Suyana is the Face for the United Amazonian Rainforest Confederation, a struggling nation that is no match for the likes of the bigger nations such as the United States. While on her way to secure a secret alliance with the Face of United States for the sake of her country, she barely escapes an assassination attempt…with the aid of Daniel, an aspiring paparazzi from Korea, who gets caught in the cross fires (literally) whilst trying to land the scoop of the century: a snap of Suyana and US Face together. What ensues is an edge of the seat ride through the lanes of a futuristic Paris with countless plots twists to keep you on your toes.
Persona was either incredibly short or I just could not wait to absorb it, because I finished it in one sitting, more or less. The backdrop of the dance between the enigmatic International Assembly and the relentless paparazzi was rife with tension. The dynamics between Suyana and Daniel encapsulated this quite well, their agendas to their factions in constant conflict with their personal feelings, not necessarily only about each other but also about the system they existed within.

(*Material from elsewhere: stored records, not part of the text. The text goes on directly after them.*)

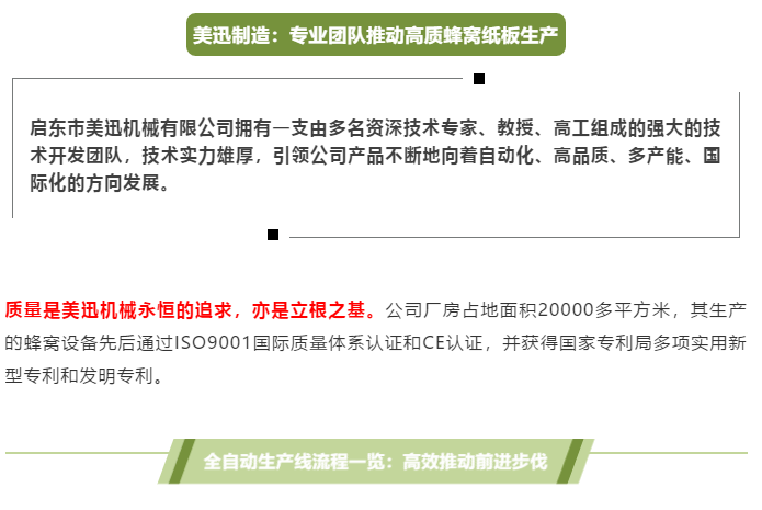 在這一方面,啟東市美迅機(jī)械有限公司早已深諳其道。作為中國(guó)包裝聯(lián)合會(huì)成員單位,美迅機(jī)械是一家專業(yè)從事蜂窩紙芯、蜂窩紙板成套生產(chǎn)設(shè)備研發(fā)、制造、銷售的廠家,也是國(guó)內(nèi)較早制造全自動(dòng)蜂窩紙板連續(xù)生產(chǎn)線的企業(yè)。
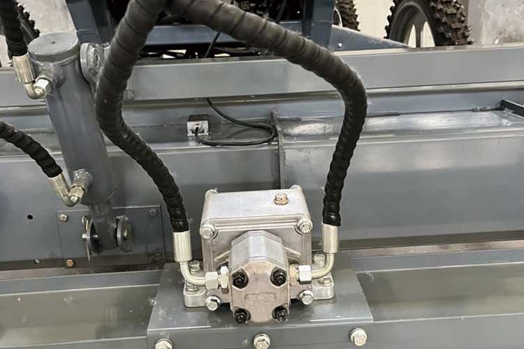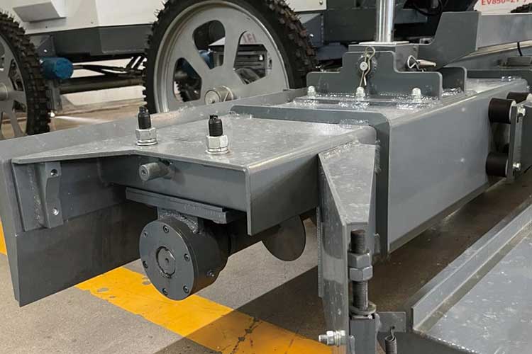 5. The twisted cage between the vibrating plate and the scraper flips the excess concrete onto one side, reducing manpower and improving speed.
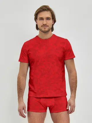 Мужские трусы с футболкой / Ярко-красный мраморный узор
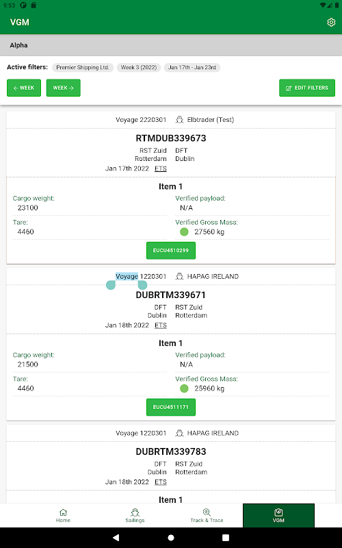 Avec les clients de l'application mobile Eucon et les fournisseurs d'Eucon Shipping and Transport Ltd. sont capables de suivre les expéditions, de trouver des départs ou de consulter les affectations de transport.
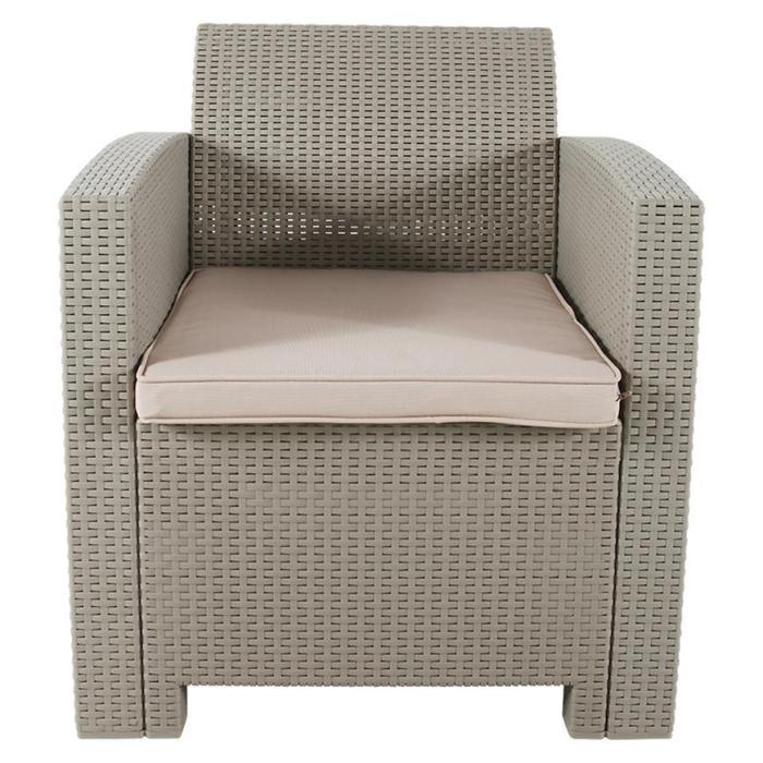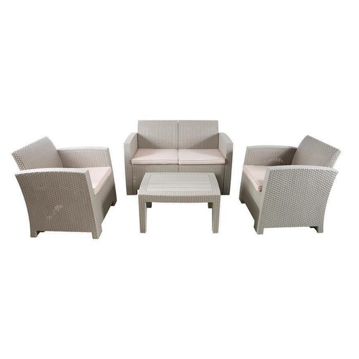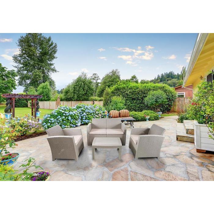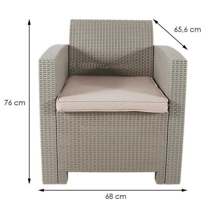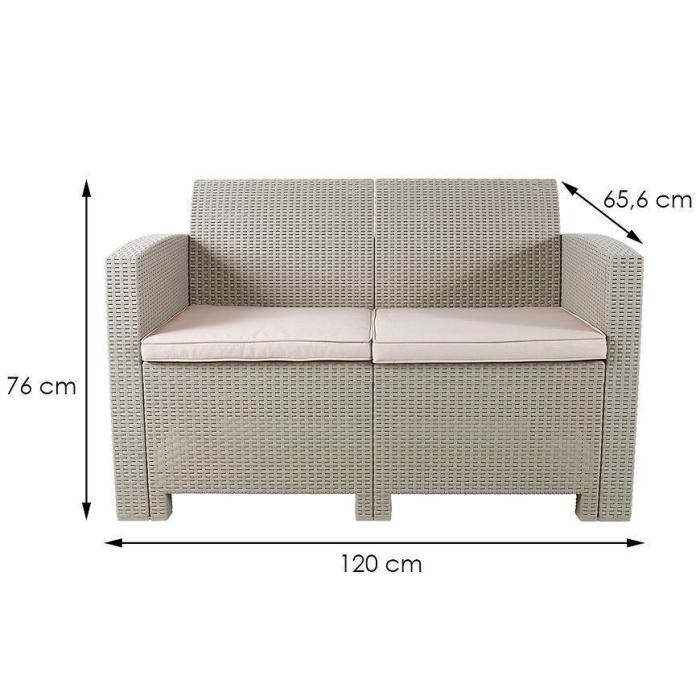 Komplet mebli ogrodowych Anita to doskonała propozycja, która wpasuje się w każdy ogród czy taras. Komplet składa się z dwuosobowej sofy, dwóch foteli z wygodnymi podłokietnikami oraz stolika kawowego. Dodatkowo, na siedziskach zostały umieszczone poduszki, które gwarantują komfort i wygodę podczas użytkowania. Meble wykonane są polipropylenu*, dzięki czemu łatwo utrzymać je w czystości, gdyż nie wchłaniają substancji brudzących.

Despite the heady themes, the plot was not very complex to follow and the poignant and refreshing conclusion summed up the lessons contained therein perfectly.
Sure Persona has been categorized as YA, mostly because of the lead characters’ ages but it could just as easily been about an older set of characters. Daniel and Suyana were beautifully crafted characters, thanks to the alternating POV . So much so that my subconscious casting director immediately went to Daniel Henney and Gugu Mbatha-Raw or alternatively, Supernatural’s Osric Chau and The 100’s Lindsey Morgan.
Finally, it was refreshing to read a stand-alone novel among all the serials and trilogies. That being said, after closing the book, I found myself hankering for just a few more moments with Daniel and Suyana.
The Bad and Ugly
There was nothing bad and/or ugly about Persona. Readers of Valentine’s prior works have suggested that Persona is not up to the standard of her former novels but this being my first encounter with Valentine, I had absolutely no complains.
In conclusion, Persona is definitely one of the better YA releases for early 2015 and a definite must for your bookshelves. If you loved the political underpinnings of The Hunger Games, Persona will not disappoint.